Aussi, «la coopération internationale est indispensable», a souligné le directeur central de la police judiciaire (DCPJ) française, Christian Lothion, en ouvrant le séminaire de Deauville, co-financé par la Commission européenne et le ministère français des Affaires étrangères.

Pour relever ce «défi majeur», selon le commissaire divisionnaire Christophe Pérez-Baquey, chef de l'Office central de répression de la grande délinquance financière» (OCGRDF, de la DCPJ), les policiers de 24 pays de l'UE se sont réunis pour mettre en place un «réseau opérationnel des correspondants de ses services antiblanchiment», ont-ils précisé.

Une telle «recommandation, déjà émise lors d'une conférence en Écosse, en 2005», rappelle le Belge Carlo Van Heuckelon, chef de l'Unité financière d'Europol, «n'a, pour des raisons financières», pas été suivie.

Aujourd'hui, il se montre optimiste, affirmant que «le programme de financement de l'UE soutient la réalisation de tels projets».
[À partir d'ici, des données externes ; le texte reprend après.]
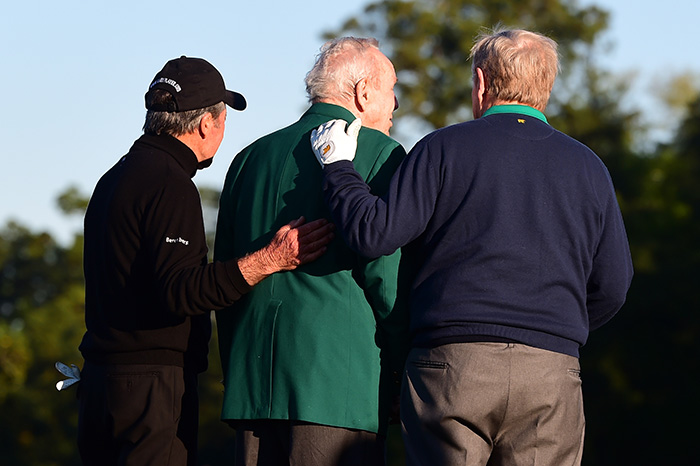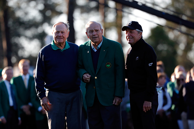 Jack Nicklaus, Arnold Palmer en Gary Player op de Masters

Le blanchiment s'organise en trois étapes, résumait le rapport «Gravet-Garabiol», dernier du genre publié, en 2000.

Il y a «le placement, ou pré-blanchiment (conversion de l'argent criminel), l'empilage, (multiplication des opérations bancaires et des comptes), l'intégration, dans des activités dont les bénéfices apparaissent légaux».
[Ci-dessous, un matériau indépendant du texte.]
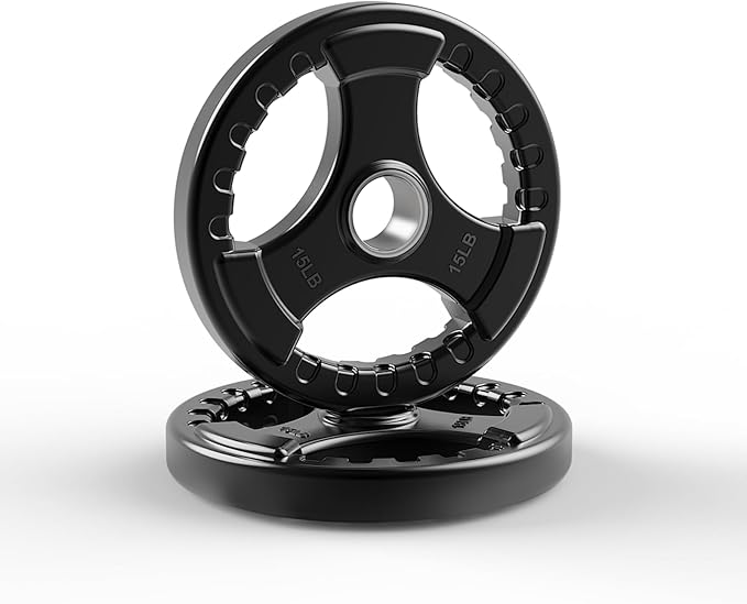 - Comfortable and Convenient: Each plate has 3 openings with strips on them for easy and secure grip when loading and unloading the weights. Labeled in LB for easy recognition.

Au final, estimait ce rapport, il entrait «en France, chaque année, 6 millions d'euros», tandis que «seulement 160 affaires avaient été instruites et 50 jugements rendus» en 13 ans.

Cette infraction «est difficile, complexe, à constituer», souligne Stéphane Almaséanu, magistrat à la direction des Affaires criminelles et des grâces (Chancellerie).

Toutefois à ce jour il y a eu «225 condamnations en France et leur nombre augmente chaque année de façon sensible», assure-t-il.

Le côté transfrontière du phénomène rend «nécessaire» un réseau de coopération policière, pour Peter de Mey, chef du service de lutte contre la délinquance économique et financière belge, dont le pays est, avec la France et la République Tchèque, co-organisateur du séminaire.

Il permettrait «de trouver la bonne personne, au bon service, qui peut vous aider matériellement, vous soutenir», affirme-t-il, en insistant sur «la vitesse» de réaction.

«Avec les flux électroniques, l'argent circule vite, le temps nous est compté et précieux», renchérit un des participants.

La même urgence est soulignée par Kamil Kouba, responsable de l'unité antiblanchiment tchèque: «Je suis absolument persuadé qu'un tel réseau dont «l'absence fait défaut, est un des instruments indispensables» à la lutte contre le blanchiment.

Des spécialistes de six États tiers sont présents à Deauville: Colombie, Croatie, Liban, Macédoine, Maroc et Turquie.

Le séminaire sera clos jeudi par Emile Pérez, chef du Service de coopération technique international de police (Sctip), dont l'implantation dans 91 pays, sera bienvenue pour identifier les bons interlocuteurs au bénéfice de tous.